Supplied information
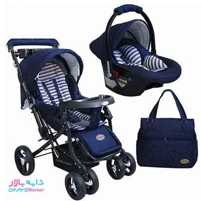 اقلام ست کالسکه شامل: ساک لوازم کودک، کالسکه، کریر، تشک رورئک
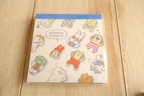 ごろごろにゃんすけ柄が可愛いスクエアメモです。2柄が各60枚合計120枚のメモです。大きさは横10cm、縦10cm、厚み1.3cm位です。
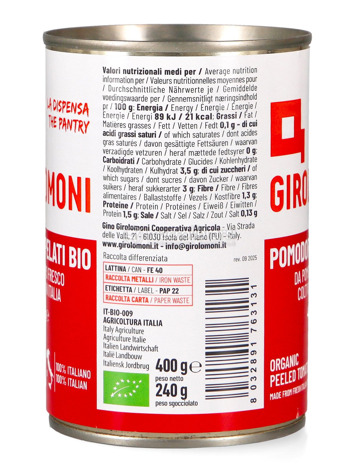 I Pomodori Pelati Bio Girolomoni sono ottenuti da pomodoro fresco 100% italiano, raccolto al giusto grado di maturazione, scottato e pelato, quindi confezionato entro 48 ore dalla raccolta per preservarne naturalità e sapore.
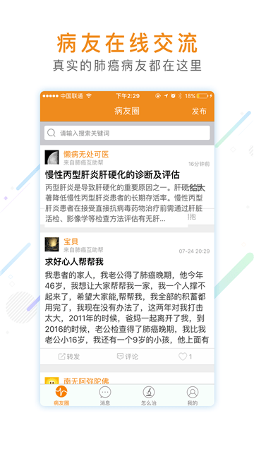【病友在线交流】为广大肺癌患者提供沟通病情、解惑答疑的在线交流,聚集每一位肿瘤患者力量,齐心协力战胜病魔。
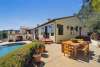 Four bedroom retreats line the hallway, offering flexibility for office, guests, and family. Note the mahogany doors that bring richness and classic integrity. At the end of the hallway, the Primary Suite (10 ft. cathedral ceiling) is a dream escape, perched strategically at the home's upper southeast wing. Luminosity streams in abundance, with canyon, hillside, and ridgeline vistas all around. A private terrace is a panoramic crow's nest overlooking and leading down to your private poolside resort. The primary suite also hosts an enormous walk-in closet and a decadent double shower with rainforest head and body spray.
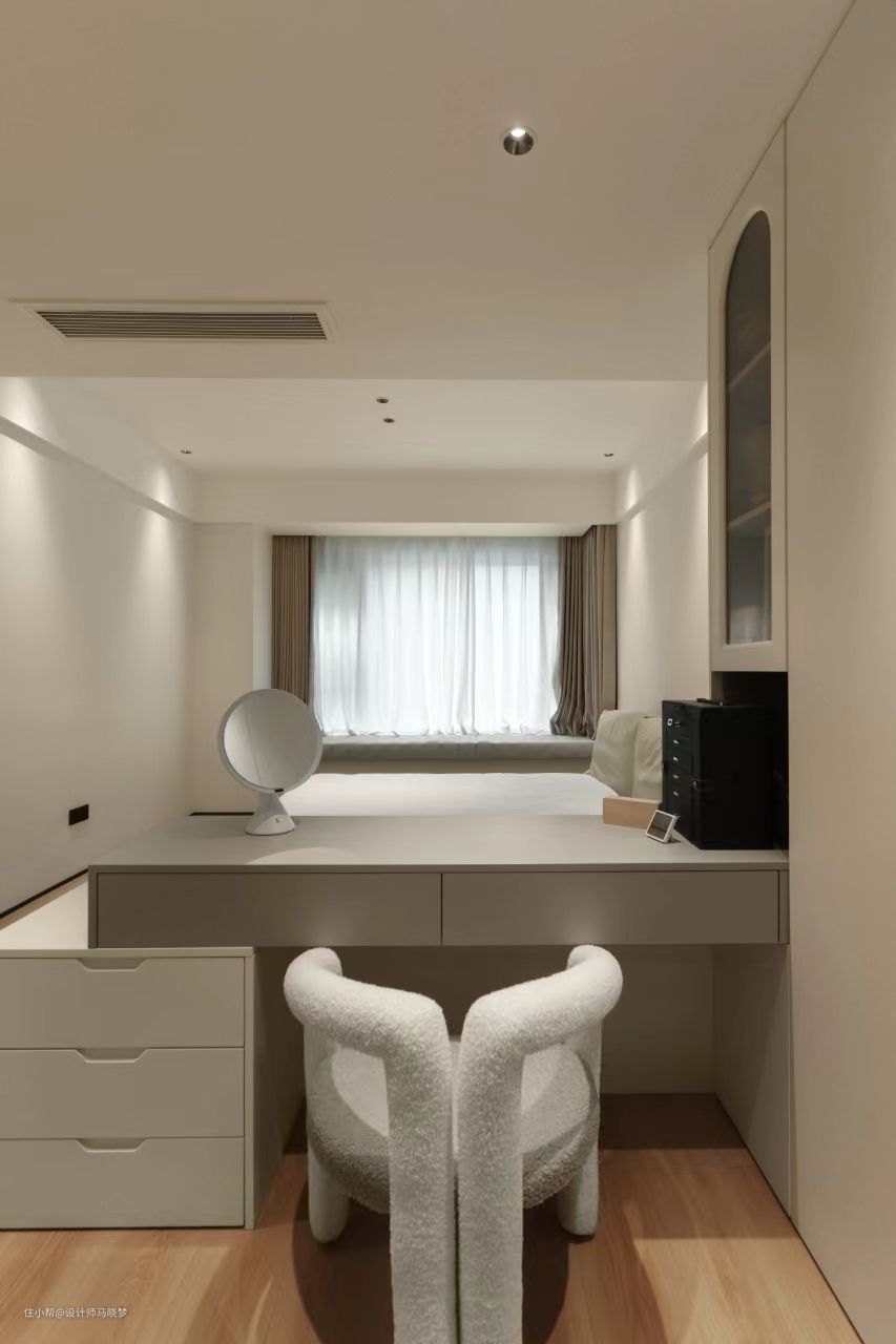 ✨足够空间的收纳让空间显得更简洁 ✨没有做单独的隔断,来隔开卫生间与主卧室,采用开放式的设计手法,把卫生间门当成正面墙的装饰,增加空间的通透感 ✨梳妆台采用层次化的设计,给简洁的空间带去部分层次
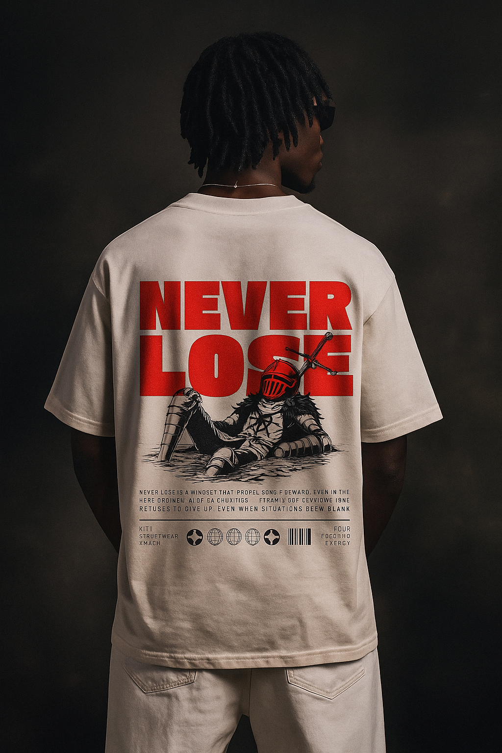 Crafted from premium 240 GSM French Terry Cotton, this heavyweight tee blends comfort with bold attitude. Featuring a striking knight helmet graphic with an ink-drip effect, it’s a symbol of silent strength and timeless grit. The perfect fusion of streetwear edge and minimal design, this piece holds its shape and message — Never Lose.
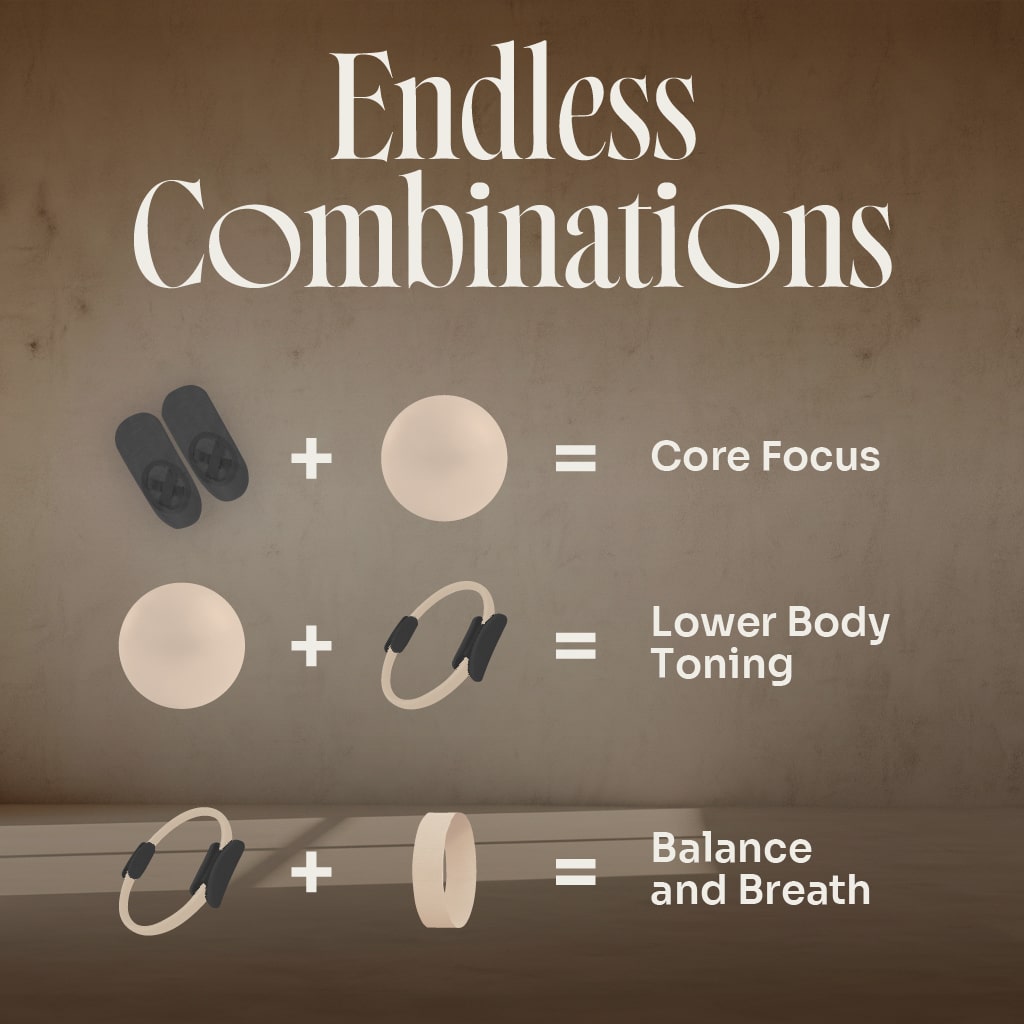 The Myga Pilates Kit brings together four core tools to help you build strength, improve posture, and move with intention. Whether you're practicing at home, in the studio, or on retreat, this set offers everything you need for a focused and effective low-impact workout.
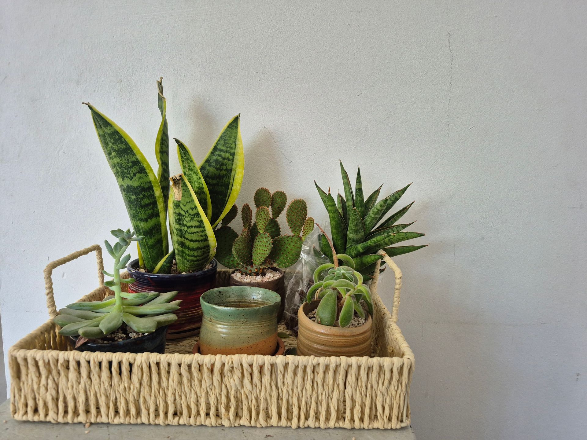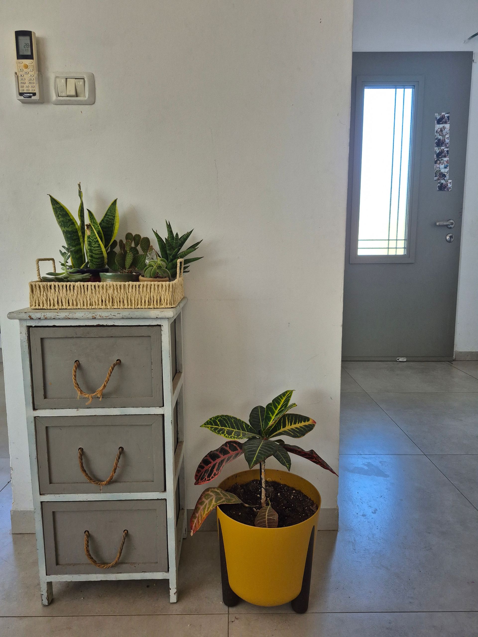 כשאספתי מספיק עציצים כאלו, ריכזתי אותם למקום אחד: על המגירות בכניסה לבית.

* * *

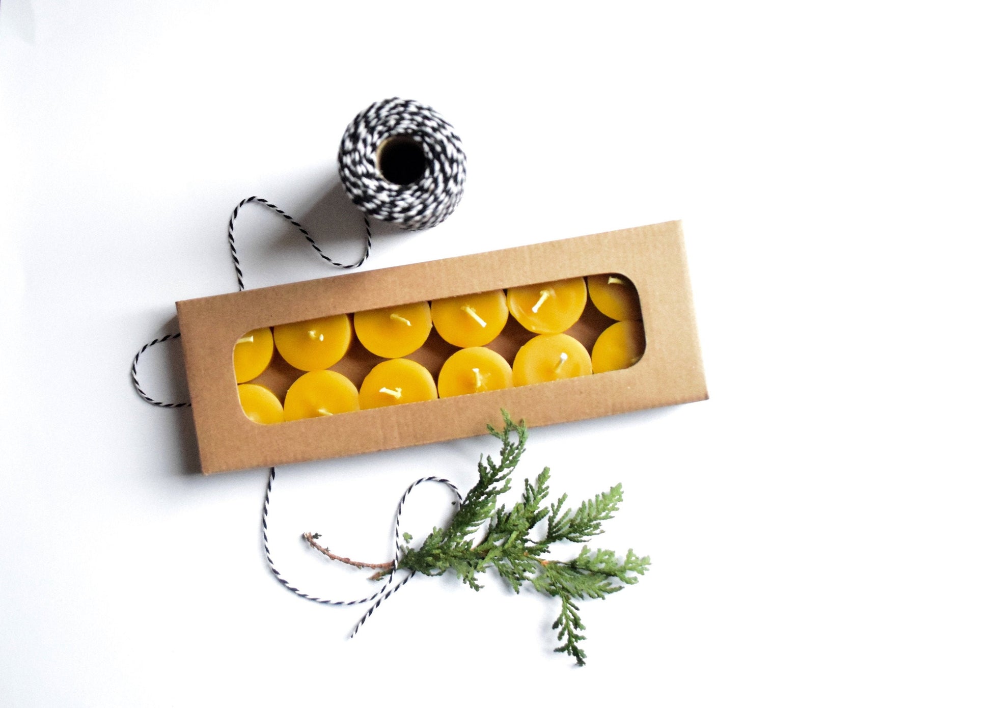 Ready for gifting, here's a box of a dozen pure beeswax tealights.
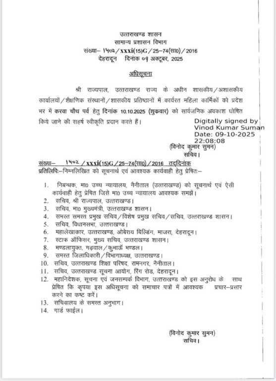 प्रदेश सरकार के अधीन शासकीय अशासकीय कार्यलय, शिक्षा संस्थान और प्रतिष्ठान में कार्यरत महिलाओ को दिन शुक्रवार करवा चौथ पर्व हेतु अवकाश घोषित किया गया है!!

Your assignment
Return the lines above from the one with "اقلام ست کالسکه" through the one with "ごろごろにゃんすけ柄が可愛い", verbatim and nothing else. Omit every picture.

Solved problem
 اقلام ست کالسکه شامل: ساک لوازم کودک، کالسکه، کریر، تشک رورئک
 ごろごろにゃんすけ柄が可愛いスクエアメモです。2柄が各60枚合計120枚のメモです。大きさは横10cm、縦10cm、厚み1.3cm位です。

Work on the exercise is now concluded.